Old backups not getting deleted from disk

I’ve set up the new automatic backup creation to the local device and configured retention to save 3 old backups. After a new backup is created, as expected the “My backups” interface in HA only shows 3 automatic backups:

However(!), if I look at what’s actually in the /backup directory on the device’s disk, the oldest automatic backup which no longer appears in the above screen is still actually there on the disk:

I don’t know if this is some kind of permissions issue or related to my hardware or what.

I’m running HA via HAOS on an odroid-n2.

It looks like the previous backups were done with earlier HA versions, maybe even before the automatic backup option. Definitely maybe.

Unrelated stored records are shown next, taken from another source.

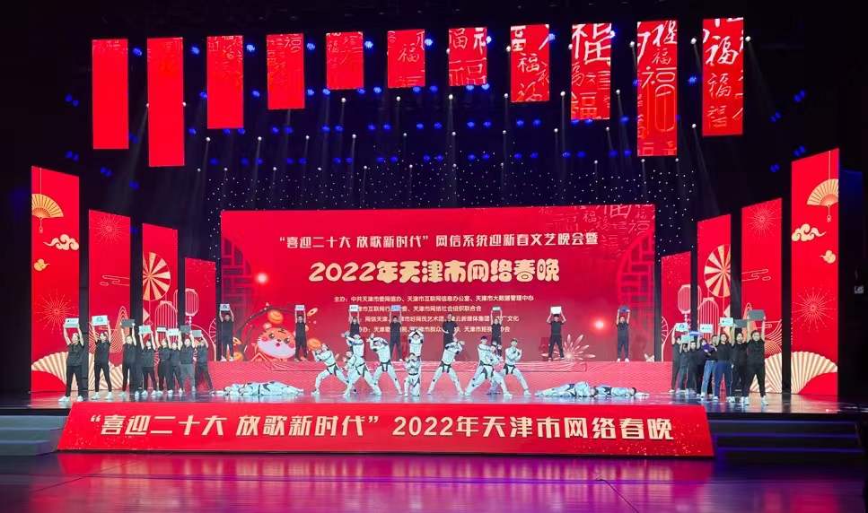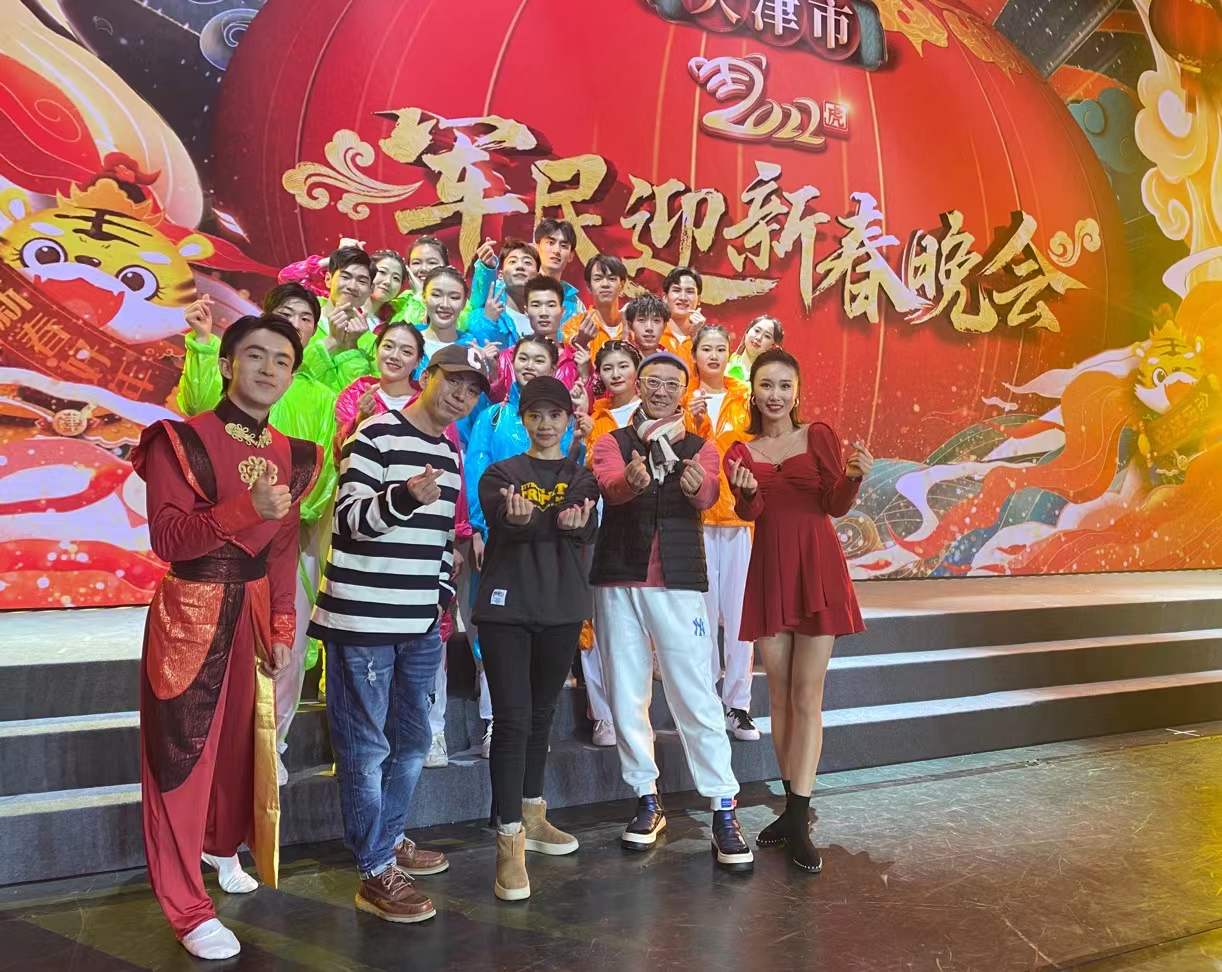 2022年1月24-26日,由天津市委宣传部主办的天津市2022军民迎新春晚会、天津市2022网络春晚分别在天津中华剧院和梅地亚大剧院进行了节目录制。sunbet申搏社会体育与健康科学学院、体育教育与教育科学学院的16名学生,在社会体育与健康科学学院教师肖来鹏、杨凯的带领下,组成演出队伍,圆满完成6个节目的排演录制任务。同时,肖来鹏作为编导,参与了军民迎新春晚会两个节目、网络春晚一个节目的编排工作。杨凯在完成编导助理工作任务同时,还承担了军民迎新春晚会两个节目的演出工作。
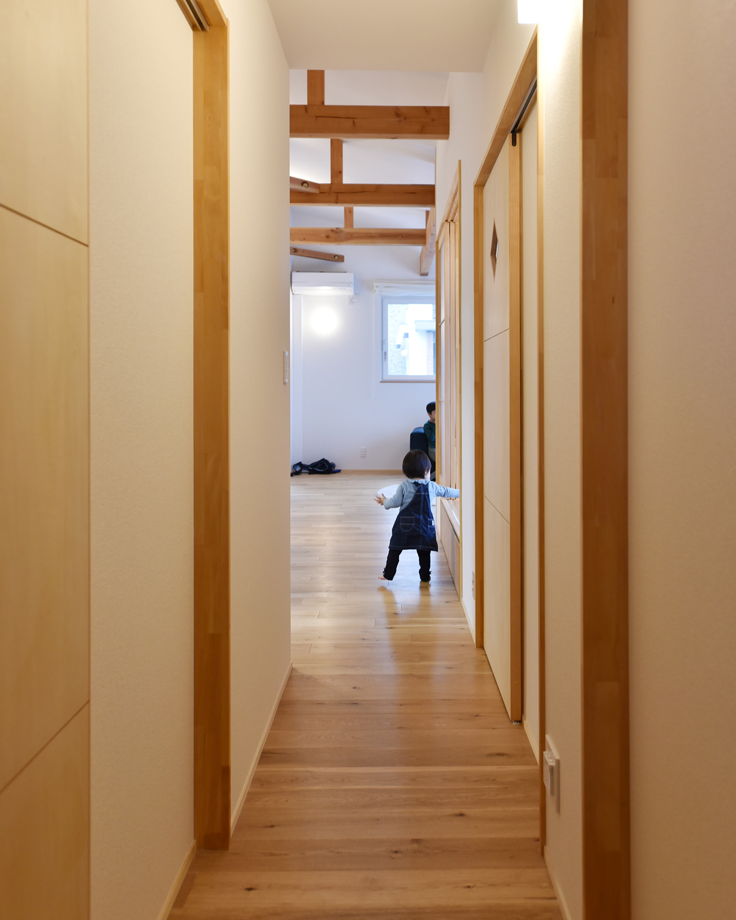 「朝起きて寝室からリビングに行くまでのこの景色が一番気に入っています。」とご主人。梁とドアの連なりが素敵ですね。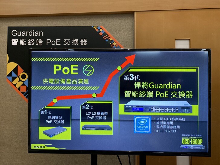 Guardian 系列的新產品智慧 PoE switch QGD-1600P,具備虛擬機應用。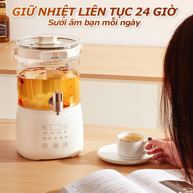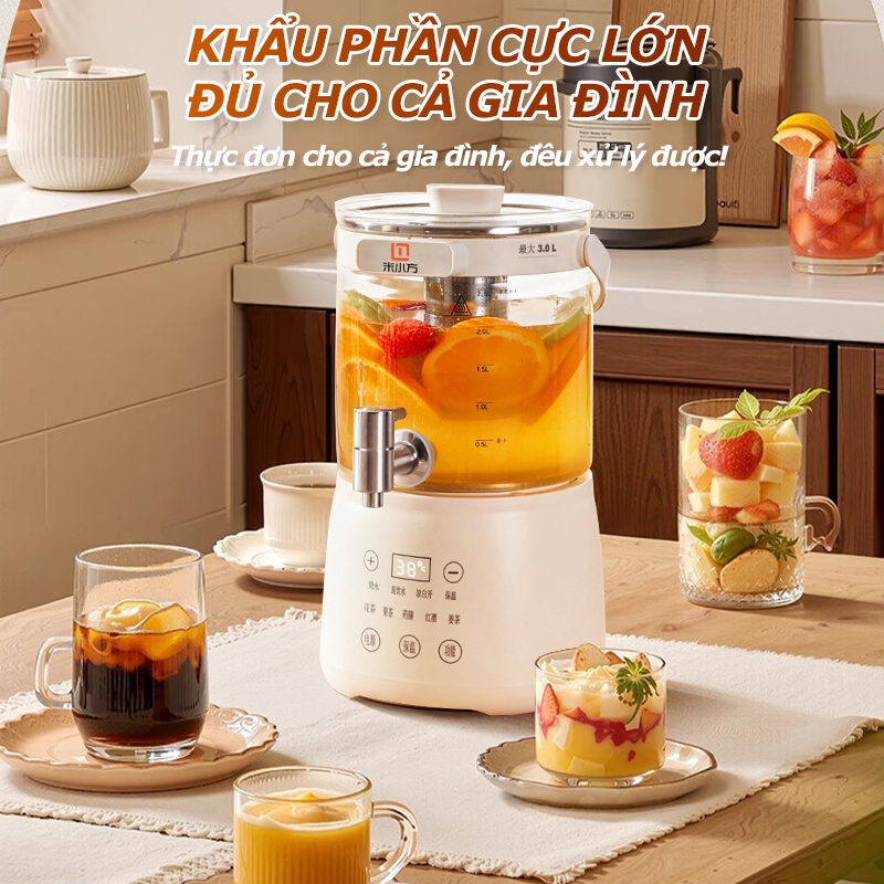 Ấm Nước Dung Tích Lớn 3L, Ấm Pha Trà Thông Minh, Bảo Ôn 24 Giờ, Bảng Cài Đặt Tiếng Việt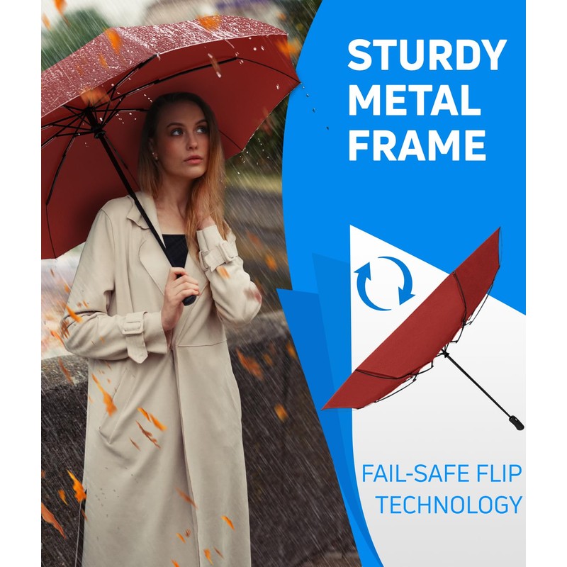 - Fail Safe Flip Technology: The design of our mini umbrella is meant to survive super strong gusts of wind. The fiberglass ribs are equipped with fail safe technology that inverts the canopy when it meets a gust that would tear lesser rain umbrellas apart. The fail safe design means you get a heavy duty umbrella in a compact package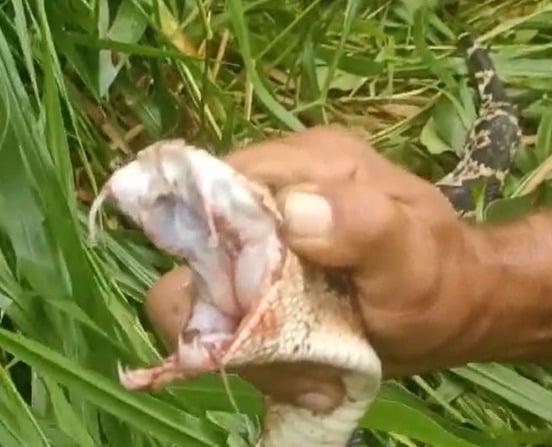 No registro, o homem aperta a região da cabeça da serpente e é possível observar o líquido sendo expelido pelas presas, evidenciando que o veneno permanece armazenado nas glândulas mesmo depois da morte do animal.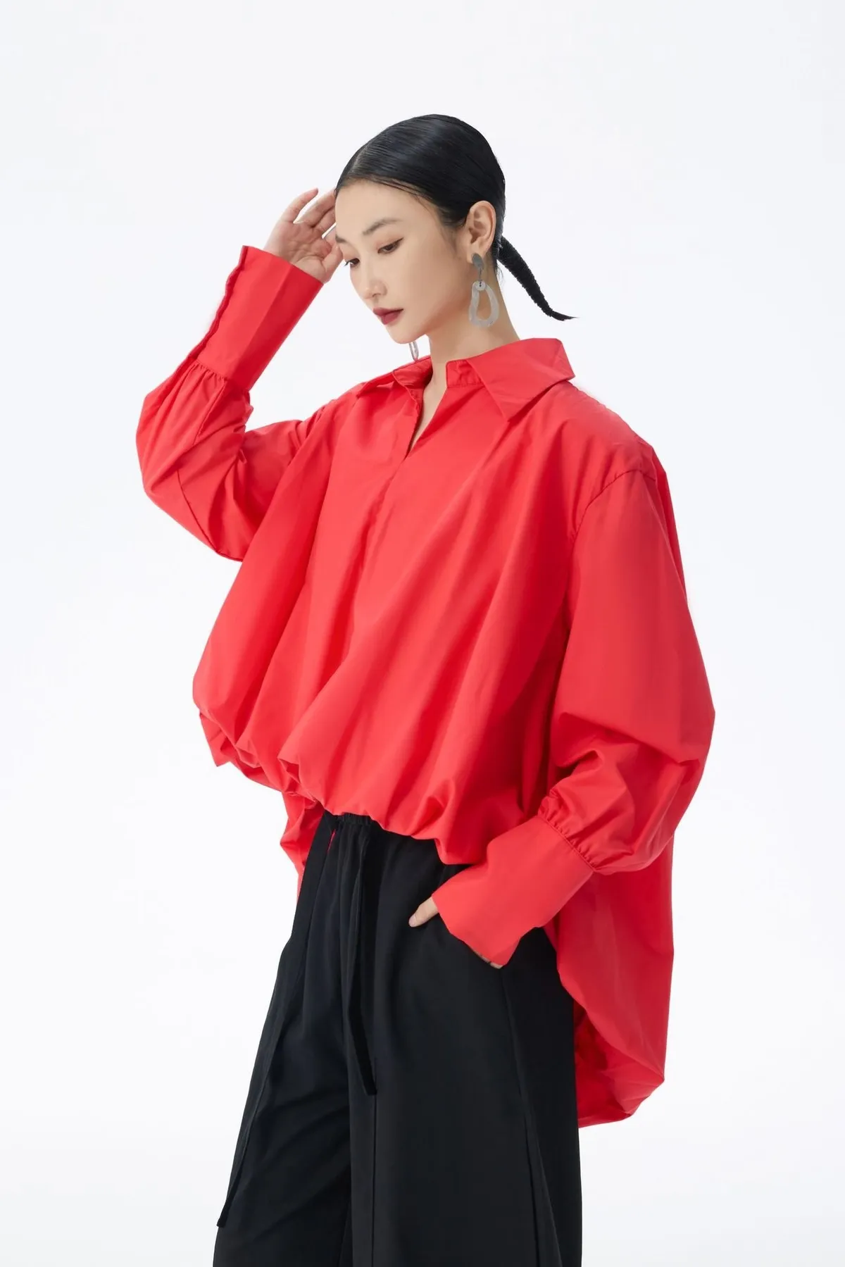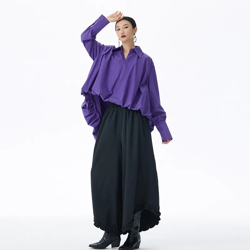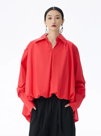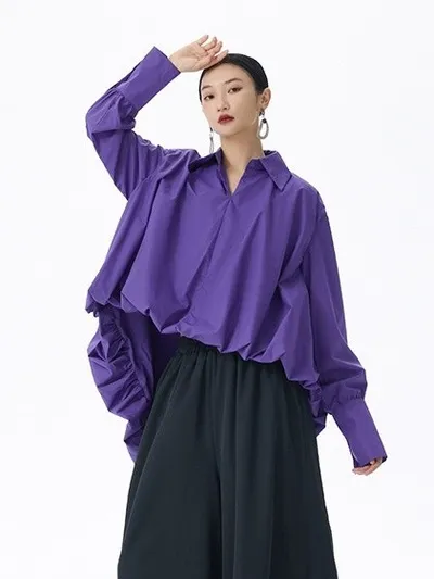 衣都精品- 新款法式氣質V領慵懶不規則褶皺上衣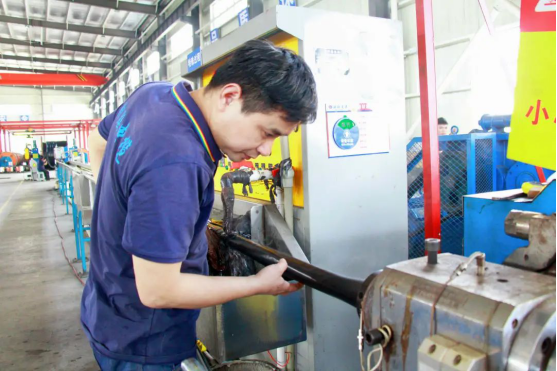 與其他組裝式的產品不同,后期檢查出現質量問題,可以拆開重裝或更換零件,電纜的生產制造任何一個部件或工藝工序沒有達標,后期是無法挽回和彌補的。因此,電纜生產線上的每一個操作者都是關鍵人物。作為機組組長的劉學文,深知自己肩上的重任,一旦進入車間,他便絲毫不敢懈怠,總是在生產線之間來回走動,反復查看機器設備的運轉情況、第一時間查看電纜成品質量,快速發現問題,解決問題,避免不良品流入下一道工序,不僅保障了電纜質量,而且有效提高了電纜的生產效率。

In your shoes I’d delete the non-current backups (unless there’s a reason not to), and then monitor the backups moving forward.

Thanks, there are old backups from previous versions in the /backup directory, but the one I indicated in my screenshots which disappeared from the HA web interface but still exists on the disk is a “new” backup system backup that definitely should have been automatically deleted from the disk (presumably when it was removed from whatever index that HA maintains to show the list of existing backups in the web interface).

Hello pjv,
Is it still there after you restart Home Assistant? Thinking maybe some Caching issue is showing up.

Good question. I restarted HA and yes, the old backup is still there on disk (and still not there in the web backup interface).

I wondered something similar, like maybe the actual deletion of the file is asynchronous and managed by a cron job or something. It’s been sitting there for almost 24 hours at this point, but I guess it could easily enough be a weekly thing.

i’ll let it sit there for a while and see if it goes away by itself, but if anyone knows how the retention stuff in the new backup system is actually implemented and can weigh in on whether lingering files is expected or not, it would be appreciated.

I checked on 2 HA instances, in both cases the expected number of automatic backups is there, and not more.

1 Like

Thanks for the data. Can you confirm the owner and permissions on the files on disk? Are they owned by root and 644 like in my screenshot?

The non automatic backups (short named tars) are from the Google Drive backup add-on.

1 Like

@francisp Thanks again. Looks like my system is acting funny. I’ll let it sit until after the next scheduled automatic backup this weekend and see what happens.

When the scheduled automatic backup ran last night, the old backups were automatically pruned from the disk, so this is apparently not an issue in the case where the only backups are scheduled automated backups.